I am a big fan of both books, although BNW is the easier read. Neil Postman [1], in Amusing Ourselves To Death (1985) thought that Huxley was the more prescient of the two, and I am inclined to agree. NEF almost seemed to be a blueprint of the post-war Eastern Bloc societies, and certainly there are things in there that chillingly remind us that our rulers in safe, liberal Britain still have the compulsion to identify, trace, watch and control us. (See any edition of any national newspaper of the last ten years for examples.) But BNW seems to understand that people are more easily controlled if you make give them nice things to keep them occupied and away from dangerous thoughts - a modern version of panem et circenses. Perhaps the reality is a combination of both.
I was reminded of all this through an article on B3ta, which links to a rather well-done cartoon summary of the arguments. Worth a look.
If anyone reading this blog (either of you, har har) has a view on this, please feel free to comment.
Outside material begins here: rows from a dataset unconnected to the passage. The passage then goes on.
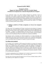 - Politique actuelle de l'Union européenne en faveur des transports urbains : livre banc sur les transports, réglement européen relatif aux services publics de transports de voyageurs par chemin de fer et par route, aspects transport de la stratégie thématique sur l'environnement urbain, transport et énergie, transports urbains et stratégie européenne, initiative CIVITAS.
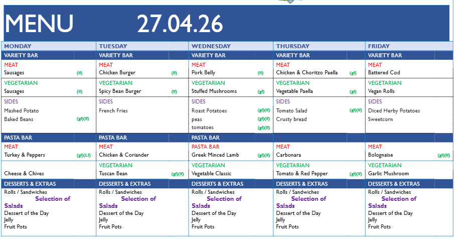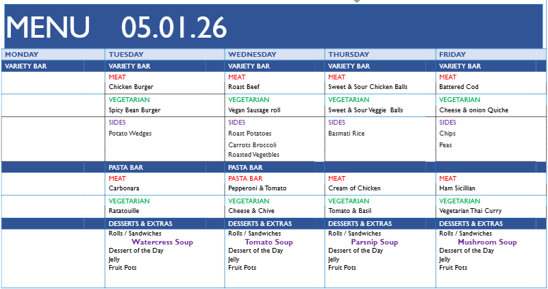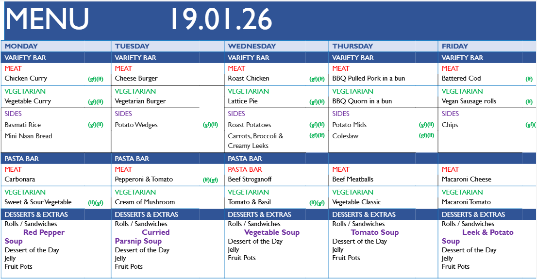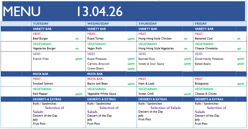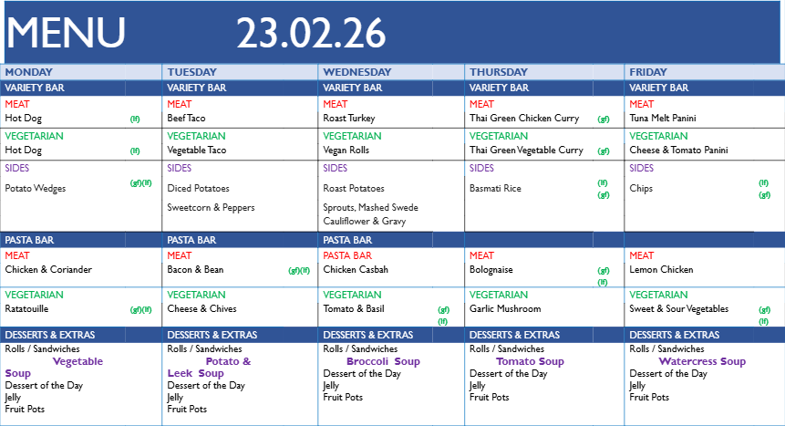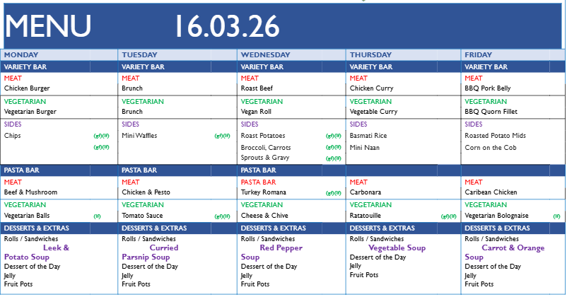 Students eligible for free school meals will have a daily allowance which they can use for one break time snack or a hot drink and lunch (a main meal, a pasta meal or sandwich/roll and crisps). 'Breaktime specials' and cold drinks are excluded and will only be served if additional credit has been added by parents/carers via the ParentPay account (see below).
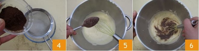 Sieben Sie das Kakaopulver in eine Schüssel 4 zusammen mit dem Mehl und fügen Sie die trockenen Zutaten nach und nach zur Ei-Zucker-Mischung hinzu 5; verrühren Sie alles gut mit den Schneebesen 6, bis ein glatter und homogener Teig entsteht.
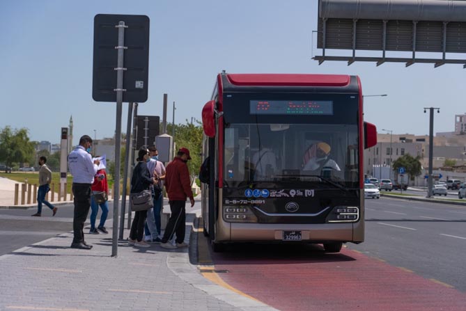 卡塔尔首都多哈主干线运营的宇通纯电动公交车
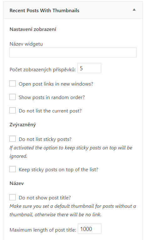 Nový widget se jmenuje Recent Posts Widget With Thumbnails a obsahuje následující nastavení:

As a footnote, let me record how sad I feel if ever anyone mentions the words 'Big Brother' amongst people under 30. No-one picks up the origin of the name, and everyone immediately thinks of the Channel 4 programme, thus neatly proving Huxley's point.
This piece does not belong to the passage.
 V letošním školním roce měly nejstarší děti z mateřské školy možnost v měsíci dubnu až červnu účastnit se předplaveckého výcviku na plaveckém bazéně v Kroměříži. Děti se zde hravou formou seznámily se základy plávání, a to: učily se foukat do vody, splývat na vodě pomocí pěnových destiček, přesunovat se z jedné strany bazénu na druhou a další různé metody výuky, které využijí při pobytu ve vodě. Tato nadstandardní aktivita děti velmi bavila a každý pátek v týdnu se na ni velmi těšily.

[1] I first came across this chap during my teacher training year in 1975-6, when his Teaching as a Subversive Activity was required reading amongst nascent pedagogues. Required reading by the College tutors, I meant to say. When subversiveness is promoted by the establishment, you just know it isn't going to turn out well.
Time for a spot of fence-sitting: I think both authors were disturbingly visionary. A case could definitely be made for Huxley taking the laurels, simply because he had nearly twenty years historical disadvantage to base his predictions on.
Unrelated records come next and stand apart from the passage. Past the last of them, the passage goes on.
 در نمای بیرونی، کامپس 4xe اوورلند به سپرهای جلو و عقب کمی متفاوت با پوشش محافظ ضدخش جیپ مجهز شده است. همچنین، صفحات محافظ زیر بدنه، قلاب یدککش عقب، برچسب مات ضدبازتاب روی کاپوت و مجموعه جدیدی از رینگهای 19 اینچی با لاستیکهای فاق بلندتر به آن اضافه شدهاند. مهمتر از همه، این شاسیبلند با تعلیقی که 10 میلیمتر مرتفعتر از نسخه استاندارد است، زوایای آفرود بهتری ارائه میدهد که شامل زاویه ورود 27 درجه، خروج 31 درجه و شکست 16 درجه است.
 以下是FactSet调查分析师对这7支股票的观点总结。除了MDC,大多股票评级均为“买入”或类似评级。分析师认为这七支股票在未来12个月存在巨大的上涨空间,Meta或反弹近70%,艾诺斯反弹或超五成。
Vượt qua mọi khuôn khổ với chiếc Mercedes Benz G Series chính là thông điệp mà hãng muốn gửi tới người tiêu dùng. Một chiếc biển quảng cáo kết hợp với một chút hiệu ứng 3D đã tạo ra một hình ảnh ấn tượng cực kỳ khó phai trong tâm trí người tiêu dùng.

ReplyDeleteThe old adage about extreme right- and left-wing views being near-identical is certainly quite neatly evidenced when comparing the two.
For me, the current visible effects on society owe more to BNW's bread-and-circuses, opium for the masses, cult of the self(ish) dystopia. Huxley certainly had a good grasp on how constant bombardment with triviality would overwhelm any serious attempts at dissent. Nonconformists become just another marginalised freakshow indistinguishable from any of the other attention-seeking spectacles pumped out through every media outlet.
That said, I also consider an awful lot of the underlying influences to those visible effects are better covered in the rather darker annals of 1984. The thought-crime and punishment aspects, the reinvention of language and history at will, the endless shadowy government departments making ever more restrictive rules are extremely Orwellian.
Huxley, in many respects, let peer pressure do the work of ostracising undesirables, Orwell tended to have them simply vanished and erased from history. Not unlike our current anti-terror legislation, for example.
Sadly, totalitarianism does not have to be driven by stupid people. It can be capable of picking the right tools for any particular job: whether that be sleight-of-hand in a velvet glove, or a more crushing steel fist. Given time, there is less need for the former - my suspicion is that, if we continue on the current trend, a couple of decades down the line it'll be a much more clear-cut argument in Orwell's favour.
Not good, I agree, since it's far and away the more depressing read of the two!
I think fence-sitting is the only appropriate response, to be honest. They were both right, in their own ways. The way it seems to me, the surface of today's society is all Huxley - mindless entertainment and (you hit the nail on the head) nonconformists derided as a freak show rather than debated with. It's when you look below the surface that Orwell seems to be on the money - ID cards, RIPA, hate speech and all that. Either is frightening, and I don't see it ending any time soon, no matter who gets in at the next election.